2024-04-25 15:40:39

by Lukasz Majewski

[permalink] [raw]
Subject: [net-next PATCH] hsr: Simplify code for announcing HSR nodes timer setup

Up till now the code to start HSR announce timer, which triggers sending
supervisory frames, was assuming that hsr_netdev_notify() would be called
at least twice for hsrX interface. This was required to have different
values for old and current values of network device's operstate.

This is problematic for a case where hsrX interface is already in the
operational state when hsr_netdev_notify() is called, so timer is not
configured to trigger and as a result the hsrX is not sending supervisory
frames to HSR ring.

This error has been discovered when hsr_ping.sh script was run. To be
more specific - for the hsr1 and hsr2 the hsr_netdev_notify() was
called at least twice with different IF_OPER_{LOWERDOWN|DOWN|UP} states
assigned in hsr_check_carrier_and_operstate(hsr). As a result there was
no issue with sending supervisory frames.
However, with hsr3, the notify function was called only once with
operstate set to IF_OPER_UP and timer responsible for triggering
supervisory frames was not fired.

The solution is to use netif_oper_up() helper function to assess if
network device is up and then setup timer. Otherwise the timer is
activated.

Signed-off-by: Lukasz Majewski <[email protected]>
---
net/hsr/hsr_device.c | 15 +++++----------
1 file changed, 5 insertions(+), 10 deletions(-)

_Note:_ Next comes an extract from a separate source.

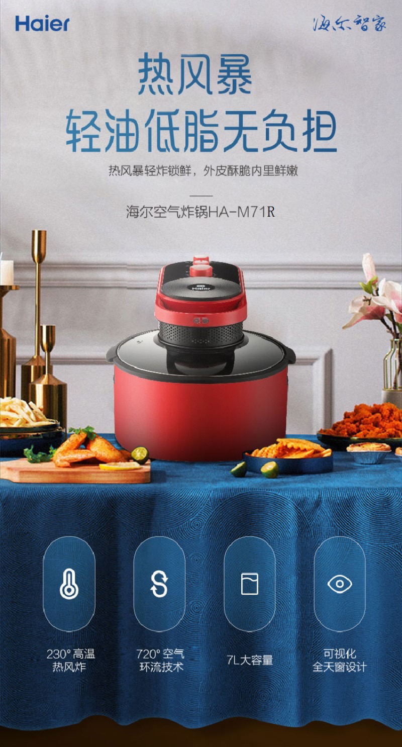 海尔(Haier)空气炸锅 HA-M71R 红色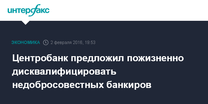 Москва. 2 февраля. INTERFAX.RU - ЦБ РФ выступает за пожизненную дисквалификацию недобросовестных банкиров в случае повторения ими грубых ошибок при управлении кредитной организацией, заявил журналистам зампред ЦБ Михаил Сухов.

diff --git a/net/hsr/hsr_device.c b/net/hsr/hsr_device.c
index cd1e7c6d2fc0..e91d897e2cee 100644
--- a/net/hsr/hsr_device.c
+++ b/net/hsr/hsr_device.c
@@ -61,39 +61,34 @@ static bool hsr_check_carrier(struct hsr_port *master)
return false;
}

-static void hsr_check_announce(struct net_device *hsr_dev,
- unsigned char old_operstate)
+static void hsr_check_announce(struct net_device *hsr_dev)
{
struct hsr_priv *hsr;

hsr = netdev_priv(hsr_dev);
-
- if (READ_ONCE(hsr_dev->operstate) == IF_OPER_UP && old_operstate != IF_OPER_UP) {
+ if (netif_oper_up(hsr_dev)) {
/* Went up */
hsr->announce_count = 0;
mod_timer(&hsr->announce_timer,
jiffies + msecs_to_jiffies(HSR_ANNOUNCE_INTERVAL));
- }
-
- if (READ_ONCE(hsr_dev->operstate) != IF_OPER_UP && old_operstate == IF_OPER_UP)
+ } else {
/* Went down */
del_timer(&hsr->announce_timer);
+ }
}

void hsr_check_carrier_and_operstate(struct hsr_priv *hsr)
{
struct hsr_port *master;
- unsigned char old_operstate;
bool has_carrier;

master = hsr_port_get_hsr(hsr, HSR_PT_MASTER);
/* netif_stacked_transfer_operstate() cannot be used here since
* it doesn't set IF_OPER_LOWERLAYERDOWN (?)
*/
- old_operstate = READ_ONCE(master->dev->operstate);
has_carrier = hsr_check_carrier(master);
hsr_set_operstate(master, has_carrier);
- hsr_check_announce(master->dev, old_operstate);
+ hsr_check_announce(master->dev);
}

int hsr_get_max_mtu(struct hsr_priv *hsr)
--
2.20.1



2024-04-27 00:33:32

by Jakub Kicinski

[permalink] [raw]
Subject: Re: [net-next PATCH] hsr: Simplify code for announcing HSR nodes timer setup

On Thu, 25 Apr 2024 17:39:58 +0200 Lukasz Majewski wrote:
> Up till now the code to start HSR announce timer, which triggers sending
> supervisory frames, was assuming that hsr_netdev_notify() would be called
> at least twice for hsrX interface. This was required to have different
> values for old and current values of network device's operstate.
>
> This is problematic for a case where hsrX interface is already in the
> operational state when hsr_netdev_notify() is called, so timer is not
> configured to trigger and as a result the hsrX is not sending supervisory
> frames to HSR ring.
>
> This error has been discovered when hsr_ping.sh script was run. To be
> more specific - for the hsr1 and hsr2 the hsr_netdev_notify() was
> called at least twice with different IF_OPER_{LOWERDOWN|DOWN|UP} states
> assigned in hsr_check_carrier_and_operstate(hsr). As a result there was
> no issue with sending supervisory frames.
> However, with hsr3, the notify function was called only once with
> operstate set to IF_OPER_UP and timer responsible for triggering
> supervisory frames was not fired.
>
> The solution is to use netif_oper_up() helper function to assess if
> network device is up and then setup timer. Otherwise the timer is
> activated.

NETDEV_CHANGE can get called for multiple trivial reasons, if the timer
is already running we'll mess with the spacing of the frames, no?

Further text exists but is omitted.